John "Mac an Asal" McDonough (died c. 1857)  was an Irish piper.

McDonough was a native of Annaghdown, County Galway but had travelled widely throughout Ireland, spending a great deal of time in Dublin (at one stage apparently entertaining either faculty of students at Trinity College, Dublin, and associated with Canon James Goodman of Trinity). 

According to O'Neill, "old people speak of this remarkable piper's facility in giving to the music an appeal and expression peculiarly his own. An all-around player, capable of meeting all demands, he had a preference for piece or descriptive music." While in the capital, 

  
"McDonough’s name was placarded conspicuously in Dublin as the celebrated Irish piper from Annaghdown, County Galway, especially on the bridges crossing the Liffey. While playing on the streets one evening, to the keen delight of an appreciative audience, some well-to-do gentry who came along were so captivated by his inimitable execution that they took him into a clubhouse or hotel in the vicinity. No doubt he was treated with much liberality, but when he reappeared on the street some time afterwards, it was noticed that he was under the influence of intoxicants. This so angered the waiting audience that they stoned the building, and didn’t leave a whole pane of glass in the windows within reach of their missiles.  

His nickname, Mac an Asal (son of the ass) arose from his father's profession as a dealer in donkeys or asses.

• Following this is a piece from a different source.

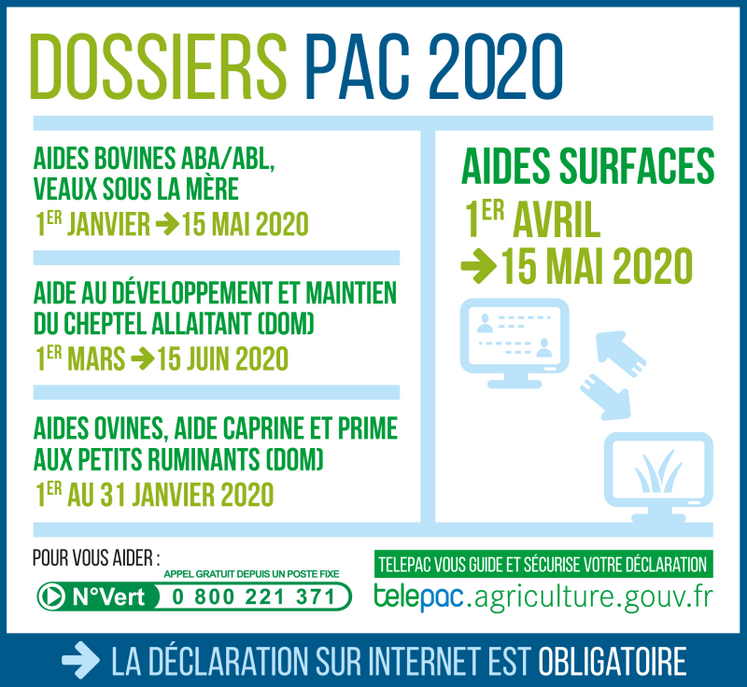 Toute exploitation ayant connu une modification depuis la dernière campagne Pac, soit depuis le 15 mai 2019, doit compléter le formulaire utilisable tout au long de l’année « déclaration des modifications intervenues au sein d’une exploitation, Campagne 2020 ». Pour que ces modifications soient prises en compte pour la prochaine déclaration Pac, ces changements doivent impérativement être signalés à la DDT(M) du département du siège d’exploitation, au plus tard le 15 mai. Le formulaire est disponible sur le site Télépac, dans les onglets supérieurs avant identification.

McDonagh Sr. had his son play the pipes, sitting on one of them, as he guided them to a fair or market. 

He was married and had at least one child, a Mrs. Kenny, "Queen of the Irish Fiddlers", who was married to piper John Kenny. Piper|John Flannagan(born 1870) married mrs. Kenny's daughter.

. McDonough himself was reduced to dire poverty by Great Famine, forcing him to leave Dublin and die in Gort poorhouse. 

O'Neill remarks

 
"His splendid instrument, made specially for him by Michael Egan, the most famous of all Irish pipemakers, while both were in Liverpool, was treasured by his widow for seven years after his death. Necessity however forced her to sacrifice her sentiments, and though costing originally twenty pounds she disposed of it for a trice to a pipe-repairer named Dugan, of Merchant’s Quay, Dublin." 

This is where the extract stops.